Abstract 1569: OXC-101 kills cancer by disturbing microtubule polymerization and inhibiting MTH1

Abstract

Abstract Many cancers suffer from replication stress, oxidative stress, a dysfunctional redox status, and high levels of endogenous oxidative DNA damage. OXC-101 (karonudib, TH1579) targets these vulnerabilities by stopping the cancer cells in mitosis, generating ROS which increases oxidative stress and oxidative DNA damage, thereby killing the cancer cells. The aim of this study was to further investigate the underlying mechanism of OXC-101 and the cancer specific effects in solid cancers. Using e.g. microtubule polymerization assays, co-immunoprecipitation and immunofluorescence microscopy, we show a dual mechanism of action of OXC-101, disturbing microtubule function and inhibiting the nucleotide pool sanitizing enzyme MTH1. Furthermore, we demonstrate the importance of a functional spindle assemble checkpoint (SAC) for the response of OXC-101, since knocking down MAD2,using siRNA, or inhibiting SAC with reversine, results in treatment resistance. We show that the excess of oxidized nucleotides is cytotoxic when inhibiting or knocking out MTH1 in zebrafish embryos, and that pretreatment with ROS scavenger rescues the effect of OXC-101 in cancer cells.
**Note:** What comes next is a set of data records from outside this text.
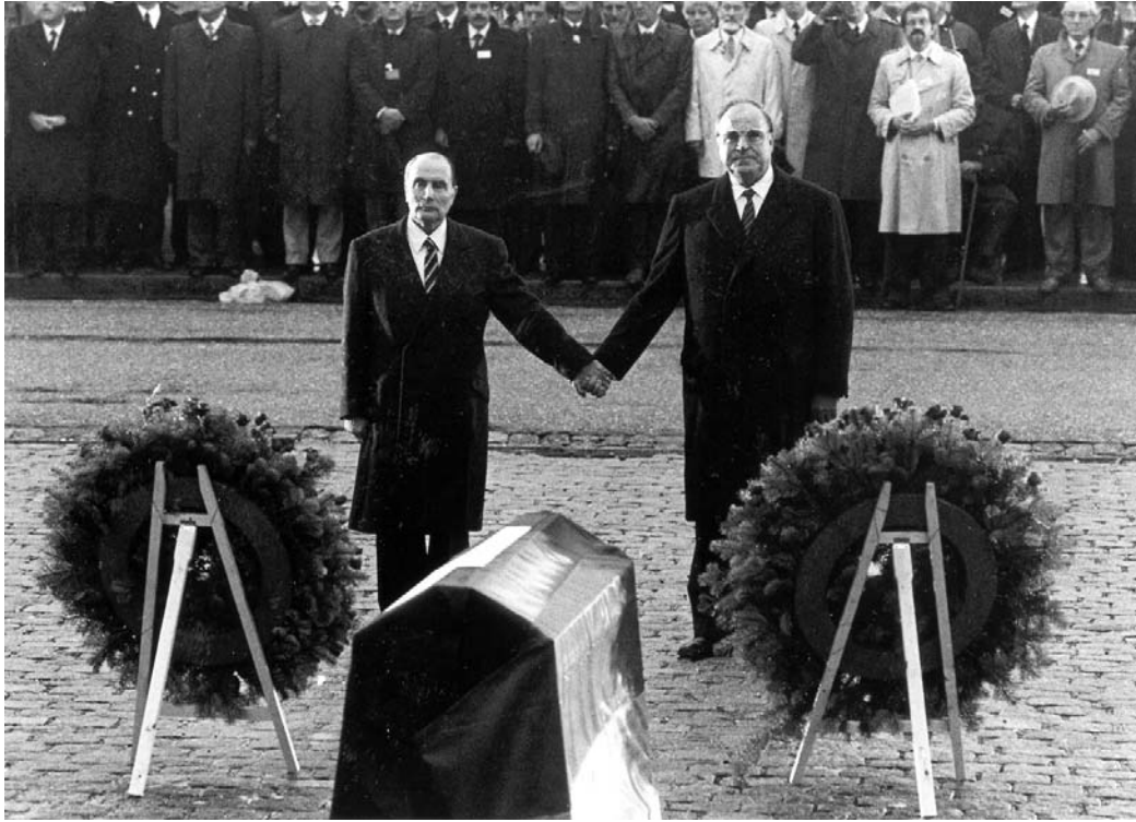
bron: Frits Boterman en Willem Melching, De Duitse Phoenix, de geschiedenis van Duitsland in de twintigste eeuw, Amsterdam 1996, pag. 312
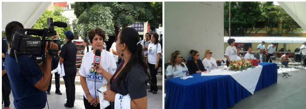
Entrevistas a los medios y mesa principal
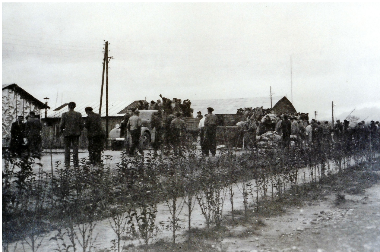
Bildunterschrift: Ein Foto aus der Ausstellung, aufgenommen im März 1941.

Saarlouis (red) Die Wanderausstellung "Gurs 1940" ist in den Herbstferien im Großen Sitzungssaal im Landratsamt Saarlouis zu sehen. Wie der Landkreis Saarlouis mitteilt, soll die Ausstellung dort in der Zeit von Montag, 18. Oktober, bis Freitag, 22. Oktober, Station machen, sofern die Pandemie-Lage es zulässt. Ursprünglich sollte die Wanderausstellung zum 80. Jahrestag der Deportation der Jüdinnen und Juden aus Südwestdeutschland eröffnet werden. Aufgrund der Corona-Pandemie musste sie verschoben werden. Die Ausstellung "Gurs 1940" erinnert an die Verbrechen an Jüdinnen und Juden aus Südwestdeutschland und an ihre Deportation. Unter den Verschleppten am 22. Oktober 1940 befanden sich auch 134 Menschen aus dem Saarland. Die Exponate beleuchten das Leben der Jüdinnen und Juden im Nationalsozialismus, betrachtet Täter und Täterinnen, Umstehende und Nutznießende in Deutschland und Frankreich und zeigt, wie dieser Verbrechen gedacht wurde und wird. Bundespräsident Frank-Walter Steinmeier hat die Schirmherrschaft über die Ausstellung übernommen, die auch vom Auswärtigen Amt unterstützt wird. Für die Erinnerungsarbeit im Saarland setzen sich das Bildungsministerium und die Landeszentrale für politische Bildung ein. Anschauen kann man sich die Ausstellungsstücke in deutscher und französischer Sprache. Die Ausstellung kann auch im Internet rein digital angesehen werden. www.gurs1940.de https://gurs.saarland
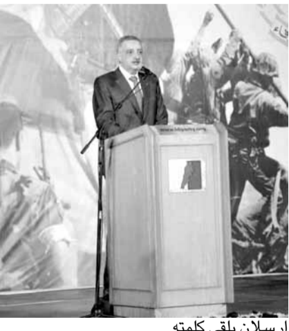
إرسلان يلقي كلمته

أقامت دائرة الشويفات في الحزب الديمقراطي اللبناني حفل عشاءها السنوي الاول بمناسبة عيد الجيش اللبناني، في المنتجع السياحي «لا سبيستا - خلدة، بحضور وزير المهجرين النائب طلال أرسلان وعقبيلته، وزراء الدفاع الوطني يعقوب الصراف، السياحة أواديس كيدانياً والطاقة والمياه سيزار أي خليل، الوزير السابق مروان خير الدين، وشخصيات سياسية وامنية، وممثلي أحزاب ورؤساء بلديات ومخاتير من المنطقة وفاعليات اقتصادية ومصرفية وجمعيات وأندية رياضية.
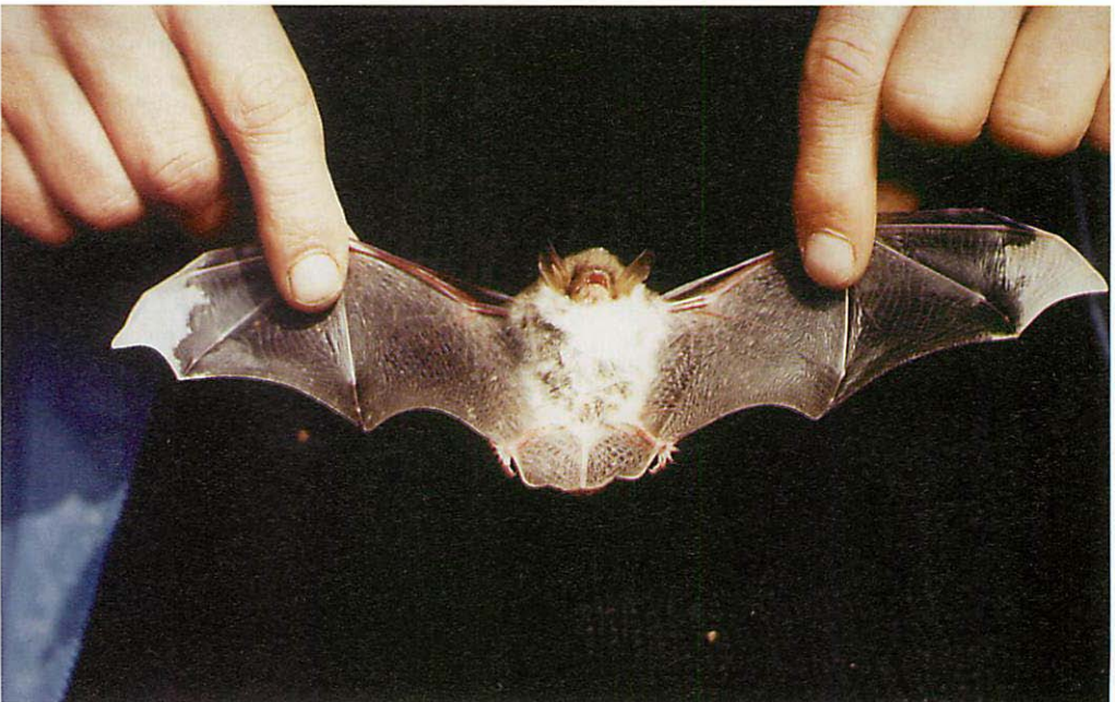
Abb. 2. Partiell-albinotische Fransenfledermaus ( Myotis nattereri ) aus dem Raum Rodewald/Niedersachsen (ventral).

Insgesamt wurde Myotis nattereri 1993 im Kreis Nienburg/Weser als häufigste Fledermausart in den Nistgeräten angetroffen. In den von mir intensiv betreuten Gebieten um Rodewald waren damals etwa 17 Ind. (rund 11% aller hier nachgewiesenen Fledermäuse) notiert worden. Es fanden sich häufiger Braune Langohren ( Plecotus auritus ), Bechsteinfledermäuse ( Myotis bechsteini ) und Bartfledermä-
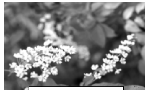
エゾノウミズザクラの花

キキンニ(アイヌ語)は文献・聞き取り情報ではエゾノウミズザクラだと考えられますが、ナナカマドだとする証言もあり調査室では特定されていません。エゾノウミズザクラは、初夏に房状に白い花が咲き暗赤色の実を付ける木です。主な利用法は流行病の神(パコロカムイ)の魔よけに玄関へ挿したり、水桶に浸けておき、その水を飲むと風邪の予防や、流行病に効くとされています。食用には枝や内皮を煎じて飲み、お粥に入れて食べられていました。(キキンニ自体は食べず、だし取りのみに使っていたようです。)
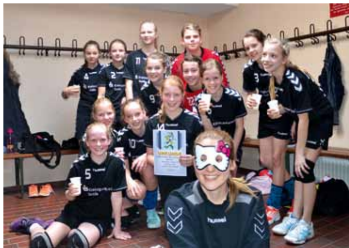
Die wJD1 hat in der Kreisliga die Meisterschaft errungen. Nach der Osterpause könnte die D2 oder die D3 in der Kreisklasse ebenfalls den Meistertitel einfahren.

war dann aber klar, dass wir die Rückrunde nur noch mit drei Mannschaften spielen würden. Aufgrund des Personalman-
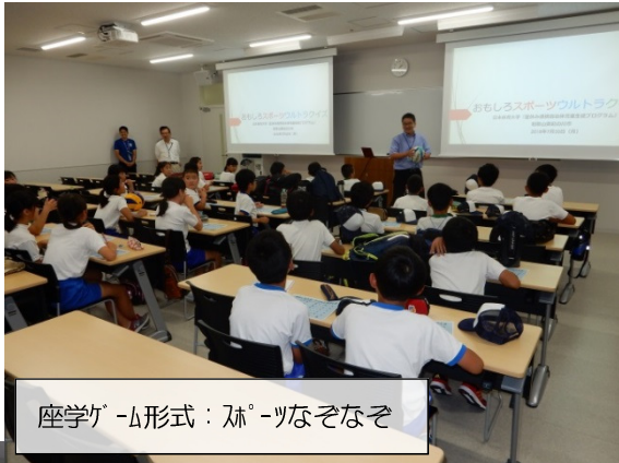
座学形式：おもしろスポーツワトランス

紀の川市と日本体育大学との「体育・スポーツ振興に関する協定書」（平成 27 年 2 月締結）に基づく交流事業として、小学 6 年生 30 名（男子 15 名・女子 15 名）が 7 月 30 日～31 日の 2 日間、日本体育大学へスポーツ体験や見学・学習に行ってきました。先進的な体育施設の見学、専門的な知見をお持ちの先生方やトップレベルの指導者、選手との交流により一層スポーツへの関心を高めることができました。
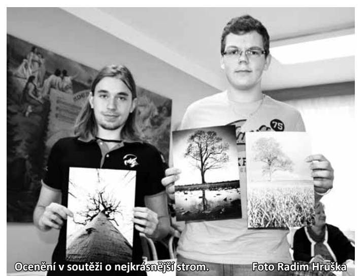
Ocenění v soutěži o nejkrásnější strom.

„Z vítězství mám radost a věřím, že aleji pomůže. Jedovnicí alej jsme do soutěže přihlásili proto, abychom na tuto významnou krajinnou dominantu upozornili a pokusili se získat peníze na její obnovu. Na vítězství se určitě významnou měrou podíleli i žáci základní školy v Jedovnicích a studenti místní průmyslovky. Alej před třemi lety poničila vich-
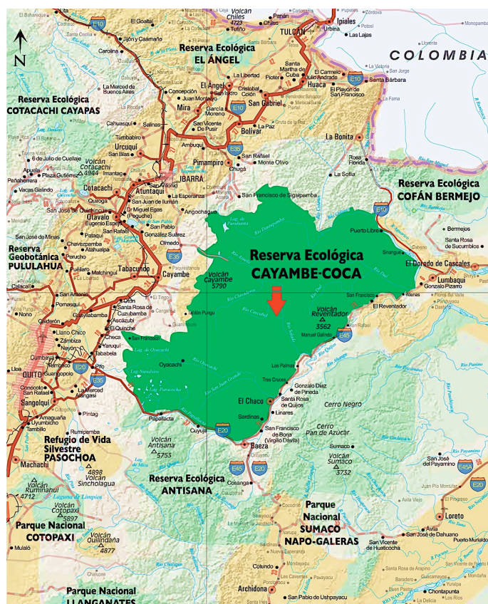
Figura 2 Mapa de Ubicación de Oyacachi dentro de la ex RECA, hoy Parque Nacional
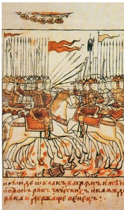
Куликовская битва. Миниатюра из «Сказания о Мамаевом побоище». XVII в.

These data indicate that the increased incorporation of oxidized nucleotides into DNA is, together with the mitotic arrest, an important part of the mechanism of action and response. OXC-101 has a broad anti-cancer effect. In an ex vivo drug sensitivity study of 157 primary biopsies from solid cancer patients, OXC-101 was efficacious in a large proportion of the patient derived samples, with best responses in endometrial (73%), HNSCC (73%), bladder (70%) and prostate (83%) cancer samples. Biomarker searches for genetic alterations explaining responders/non-responders are presently on-going. In summary, the dual mechanism of action of the mitotic MTH1 inhibitor OXC-101 explains its strong anti-cancer effect. Citation Format: Ulrika Warpman Berglund, Helge Gad, Kumar Sanjiv, Ann-Sofie Jemth, Oliver Mortusewics, Lars Brautigam, Juha Rantala, Thomas Helleday. OXC-101 kills cancer by disturbing microtubule polymerization and inhibiting MTH1 [abstract]. In: Proceedings of the American Association for Cancer Research Annual Meeting 2023; Part 1 (Regular and Invited Abstracts); 2023 Apr 14-19; Orlando, FL. Philadelphia (PA): AACR; Cancer Res 2023;83(7_Suppl):Abstract nr 1569.